I am curious as to how difficult it would be to install heated mirrors on a 2001 Ford F350 Superduty that currently does not have heated mirrors on it?? Ballpark any idea what it would cost (excluding the actual cost of the new mirrors)?? Thanks for any insight or suggestions.


----------



## deereequipment (Jul 12, 2007)

you could probably wire them yourself, but they mirrors themselves are very pricey.

Another option, if you can get into your mirrors (which, once they are gone into, you may not be able to get them to close back up)......

You can buy the heater element, that is adhesive backed, and place it on the back of the actual glass mirror. (I have done this on older style trucks).

Contact a school bus dealer that sells mirror lite bus mirrors.

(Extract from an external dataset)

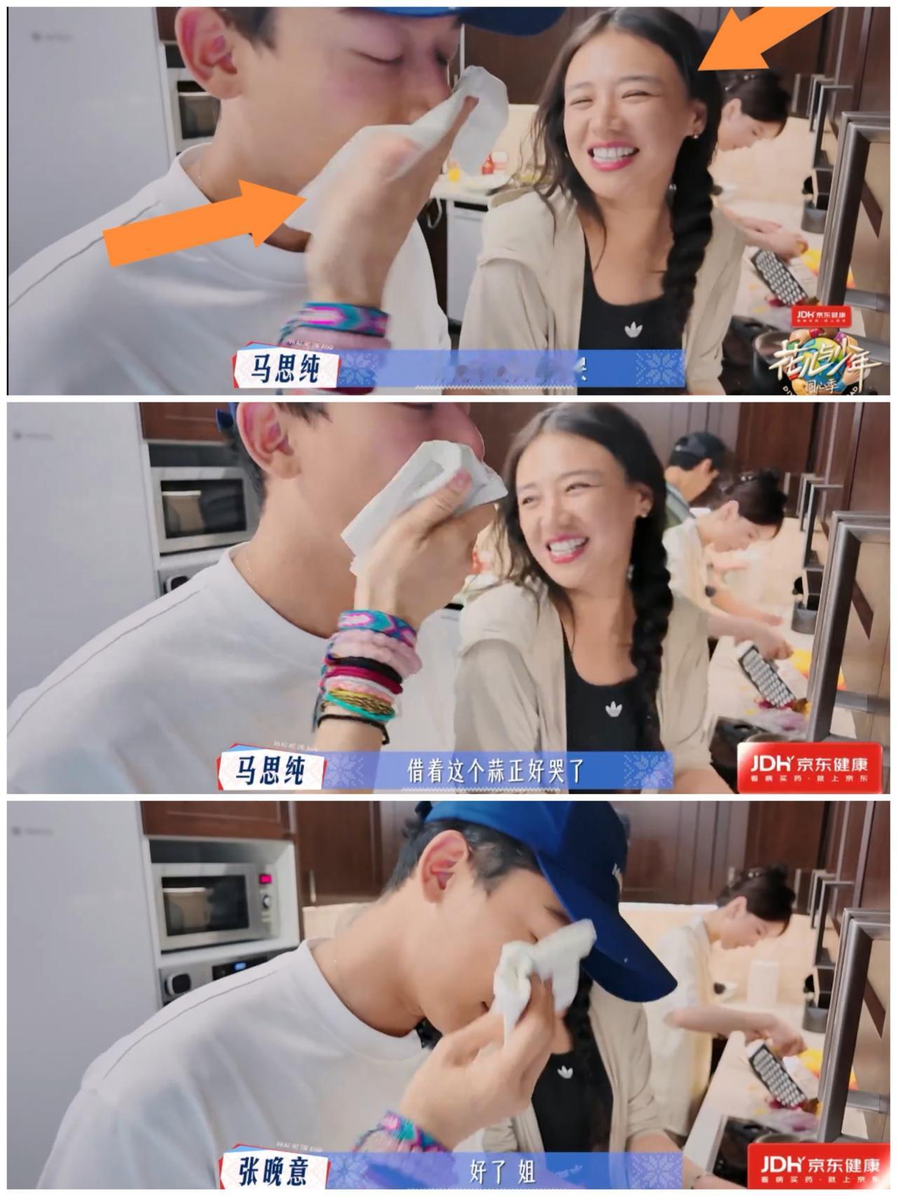 龚俊,张晚意都多亏了那英, 马思纯只能在旁边干瞪眼, 那英直接上手。 张晚意,龚俊他们在准备四川火锅, 张晚意负责剥大蒜, 辣得眼泪和鼻涕都快掉下来了。 马思纯只敢在旁边吐槽他“借着这个蒜正好哭”, 而那英直接拿纸巾帮张晚意擦鼻涕和眼泪。 笑称“保护大蒜” 不然被他的鼻涕污染了。 这个情况怎么那么熟悉, 对了, 上次龚俊喝咖啡差点滴到衣服上, 两只手都拿着东西,没有空手, 也是那英直接上手“解除危机”。 这次张晚意鼻涕眼泪差点滴到大蒜上, 也是那英出手。 更加神奇的是, 这两次“危机”发生的时候, 马思纯都在张晚意,龚俊身边, 她没有任何行动, 她没有动手, 她只能“动嘴”, 只能吐槽。 她可不能像那英 那样直接拿纸巾帮他们擦。 她不能那样做, 不然第二天这个将是热搜第一。 那英这样做, 多半会被解读为对弟弟的关爱。 而马思纯如果那样做, 网友的解读就会相当精彩啰。 是呀, 那英想看捷克雕塑,龚俊主动陪着, 那英恐高不参加极限运动,张晚意主动陪着。 他们对于那英的好, 那英记在心里, 也把他们当“家人”一样爱护, 及时提供帮助。 做得那么得心应手, 那么大方自然。

The mirrors that are called "double nickel" come heated or not heated, but for them, you can buy just that heated element that has a positive and a ground wire, then run the wires yourself, then wire them to a switch.


----------



## hydro_37 (Sep 10, 2006)

if you have power mirrors now then the wire for the heated mirrors should already be in the wiring in the door


----------



## mjones (Nov 16, 2010)

i bought some heated mirrors off ebay a few yrs ago i just cut off the plug from the new mirros and wired a hot and a ground to a switch they have been great ever since


----------



## MSS Mow (Mar 19, 2006)

Thanks for the advice guys. Hydro, currently I do not have power mirrors and I don't care if I do have power. It's only the heat I'm concerned with. 

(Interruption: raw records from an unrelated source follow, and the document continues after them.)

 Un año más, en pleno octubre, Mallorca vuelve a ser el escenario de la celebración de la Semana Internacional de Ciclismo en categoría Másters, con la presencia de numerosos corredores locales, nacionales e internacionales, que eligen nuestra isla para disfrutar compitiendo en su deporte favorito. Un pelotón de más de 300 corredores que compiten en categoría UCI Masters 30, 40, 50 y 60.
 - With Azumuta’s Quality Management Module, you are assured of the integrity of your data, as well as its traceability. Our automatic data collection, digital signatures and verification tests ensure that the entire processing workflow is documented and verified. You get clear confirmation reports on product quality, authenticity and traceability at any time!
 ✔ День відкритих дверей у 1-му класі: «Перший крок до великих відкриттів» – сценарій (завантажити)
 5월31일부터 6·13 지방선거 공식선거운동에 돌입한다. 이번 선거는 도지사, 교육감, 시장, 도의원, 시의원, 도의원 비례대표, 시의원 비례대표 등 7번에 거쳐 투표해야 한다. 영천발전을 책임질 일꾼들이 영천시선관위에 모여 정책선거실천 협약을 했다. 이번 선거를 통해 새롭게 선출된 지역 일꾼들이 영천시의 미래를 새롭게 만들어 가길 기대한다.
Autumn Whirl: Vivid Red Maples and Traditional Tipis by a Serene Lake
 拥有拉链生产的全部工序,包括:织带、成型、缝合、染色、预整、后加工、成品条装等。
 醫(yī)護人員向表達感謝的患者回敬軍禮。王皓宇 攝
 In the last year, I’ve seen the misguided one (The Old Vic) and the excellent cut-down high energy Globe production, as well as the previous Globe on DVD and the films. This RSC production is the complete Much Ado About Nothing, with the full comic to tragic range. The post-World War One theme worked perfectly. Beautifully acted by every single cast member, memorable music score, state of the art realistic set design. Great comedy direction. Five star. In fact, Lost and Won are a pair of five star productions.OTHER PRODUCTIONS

Not concerned with the price of the mirror itself so much as to the ability to actually get it wired up.

Thanks guys!


----------



## MSS Mow (Mar 19, 2006)

Has anyone ever used this....

http://www.muthco.com/products/upgrade-modules/#h-mod_upgrade


----------



## mjones (Nov 16, 2010)

have you checked out ebay?


----------



## JohnnyRoyale (Jun 18, 2006)

Found this website that we'll be ordering a replacement Chev mirror from...I'm considering installing heated tow mirrors on my 250 SD, probably just running power to them from a switch. Let me know if you find cheaper as this is the cheapest I have found. 

http://www.doormirrors.ca/categories/FORD/F%252d350-SUPER-DUTY/2000/


----------



## MSS Mow (Mar 19, 2006)

JohnnyRoyale;1152100 said:


> Found this website that we'll be ordering a replacement Chev mirror from...I'm considering installing heated tow mirrors on my 250 SD, probably just running power to them from a switch. Let me know if you find cheaper as this is the cheapest I have found.
> 
> http://www.doormirrors.ca/categories/FORD/F%252d350-SUPER-DUTY/2000/


Johnny, check these out.

http://www.truckchamp.com/products/...01/make=ford/model=f%2d350-super-duty-pickup#

What I really want (need) to know is how to wire the truckside. I can buy all the heated mirrors I want, but with nothing to connect them to, they will not heat up. :crying:.

I would like to find a kit to wire the truck side to be able to just "plug and play" into the heated mirror.


----------